Detailed explanation of Java Douban movie crawler – little crawler growth record (with source code)
I have also used crawlers before, such as using nutch to crawl specified seeds, search based on the crawled data, and have roughly seen some source code. Of course, nutch's consideration of reptiles is very comprehensive and detailed. Every time I see the past crawling web page information and processing information on the screen, I always feel that this is very black technology. Just this time, with the opportunity of combing spring MVC, I want to get a small crawler by myself. It doesn't matter if it's simple. It doesn't matter if there are some small bugs. All I need is a website that can crawl the information I want for a certain seed website. If there is an exception, solve it. It may be the improper use of some APIs, the exception of HTTP request status, or the problem of database reading and writing. That is, in the process of reporting and solving the exception, jewelcrawler (son's nickname) can crawl data independently, and there is a small skill of emotion analysis based on word2vec algorithm.
There may be unknown exceptions waiting to be solved later, and some performance needs to be optimized, such as interaction with the database, data reading and writing, etc.
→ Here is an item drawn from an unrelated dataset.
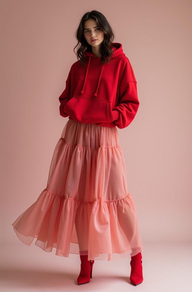 A hoodie paired with a romantic skirt creates a playful and trendy Valentine’s Day outfit that blends comfort with femininity. The casual hoodie adds warmth and ease, while the skirt introduces softness and elegance.

However, we haven't paid much attention to it during the year, so we'll make a simple summary today. The first two articles mainly focus on functions and results. This article will talk about how jewelcrawler was born, And put the code on GitHub (the source code address is at the end of the article), and those who are interested can pay attention to it (for communication and learning only, do not use it for other purposes, consider Douban Jun. be more sincere and less hurt)
Environment introduction
Development tool: IntelliJ idea 14
Database: MySQL 5.5 + database management tool Navicat (can be used to connect to query database)
Language: Java
Jar package management: maven
Version management: Git
directory structure
among
com. ansj. VEC is the Java implementation of word2vec algorithm
com. jackie. crawler. Doublanmovie is a crawler implementation module, which also includes
Some packages are empty because these modules are not yet used, including
The resource module stores configuration files and resource files, such as
Test module is a test module used to write ut
Database configuration
1. Add dependent packages
Jewelcrawler uses Maven management, so it only needs to be in POM Add corresponding dependencies to XML
2. Declare data source bean
We need to be in beans Bean declaring data source in XML
Note: the external configuration file JDBC is bound here Properties, the parameters of the specific data source are read from this file.
If you encounter the problem "SQL [insert into user (ID) values (?)]; Field 'name' doesn't have a default value;” The solution is to set the corresponding fields of the table as self growth fields.
Problems encountered in parsing the page
You need to parse the DOM structure to get the data you want. The following errors are encountered during the process
org. htmlparser. Node not recognized
Solution: add jar package dependency
org. apache. http. Httpentity is not recognized
Solution: add jar package dependency
Of course, this is the problem encountered during the process. Finally, the page parsing done by jsup is used.
The download speed of Maven warehouse is slow
Previously, the default Maven central warehouse was used, and the download speed of jar packages was very slow. I don't know whether it was my network problem or other reasons. Later, I found Alibaba cloud Maven warehouse on the Internet. After updating, it was recommended to spit blood in seconds compared with before.
Find Maven's settings XML file, just add this image.
A method of reading files under resource module
For example, read seed Properties file
About regular expressions
When using regrex regular expression, if the defined pattern is matched, you need to call the find method of the matcher first, and then use the group method to find the substring. There is no way to find the result you want by directly calling the group method.
I looked at the source code of the matcher class above
The reason is this: if you call group directly without calling the find method first, you can find that the group method calls Group (int group), and the method body of the method has if first < 0. Obviously, this condition is true here, because the initial value of first is - 1, so exceptions will be thrown here. However, if you call the find method, you can find that search (nextsearchindex) will eventually be called. Note that the nextsearchindex here has been assigned by last, and the value of last is 0, and then jump to the search method
The nextsearchindex is passed to from, and from is assigned to first in the method body. Therefore, after calling the find method, the first of this is no longer - 1, so it is not throwing an exception.
The source code has been uploaded to Baidu online disk: http://pan.baidu.com/s/1dFwtvNz
The problems mentioned above are relatively broken. They are all summaries when encountering and solving problems. There will be other problems during the specific operation. If you have any problems or suggestions, you are welcome to put forward them ^ ^.
Finally, put some data crawled up to now
Record table
There are 79032 stored and 48471 crawled web pages
Movie table
At present, it has crawled 2964 film and television works
Comments table
Crawled 29711 records
The above is the whole content of this article. I hope it will be helpful to your study, and I hope you can support programming tips.